The 7th Portal is an American animated web series produced by Stan Lee in 1999. It was the first global team of cyber Super Heroes produced by Stan Lee.  The main content of the series is an Internet-based adventure in which six characters from all over the world who got their super powers in cyberspace are drawn into the Web and must fight super villains.

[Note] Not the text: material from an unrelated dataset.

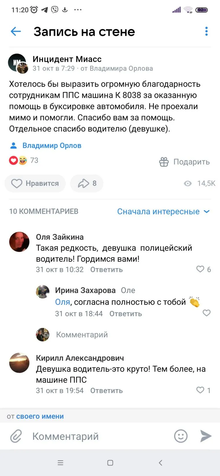 Водитель поблагодарил сотрудников ППС в социальной сети

The 7th Portal premiered on the new animation hub Shockwave, on February 29, 2000, when its global launch overwhelmed Macromedia's servers. It became the most successful web originated animated series, being picked up by Fox in mid run, for distribution on TV in South America and Europe. Twenty-two episodes were made, of which the first twenty were shown on-line before the website went bankrupt. The final two episodes were only visible on television.

Main plot 
The 7th Portal told the story of Izayus (played by Stan Lee) when he approaches a young beta tester named Peter Littlecloud. He claims to have a game that will let him and his friends fight real monsters, which he projects holographically using the CD-ROM he claims contains the game. The game's premise is that there are six other dimensions, all of which have been conquered by the evil Lord Mongorr (who was Izayus's brother). The players need to take the form of a superhero in order to stop him from opening the portal to the seventh universe, their own.

After they have chosen their form, Peter, Roberto, and Greta are sucked into the computer screen, wherein time they learn that they've been transported for real into the parallel universe of Darkmoor. Also, they have been transformed into their superhero forms. Peter is the Thunderer, Roberto is Oxblood, and Greta is Gossamer. Despite their impressive powers, the heroes find that their forms are still subject to the rules of the game such as spending Life Points to use their superpowers. They are eventually captured and brought to The Bloodzone, a gladiator-like arena consisting of floating platforms over a spiked pit.

Meanwhile, Rikio, Ozubo, and Anna are confused by their friends' disappearance. Suddenly, they are transported into cyberspace to meet Izayus. He reveals to them that the CD was actually the half of The Artifact, a mysterious device that grants unlimited power to the one who gathers the two pieces. Izayus has the red half, which symbolizes life and allows transportation between Earth and Darkmoor; while Mongorr has the blue half which symbolizes death and kills anyone who touches it without the red half. Izayus uses the Artifact's red half to transform Rikio, Ozubo, and Anna into their respective superhero forms, The Streak, Conjure Man, and Imitatia.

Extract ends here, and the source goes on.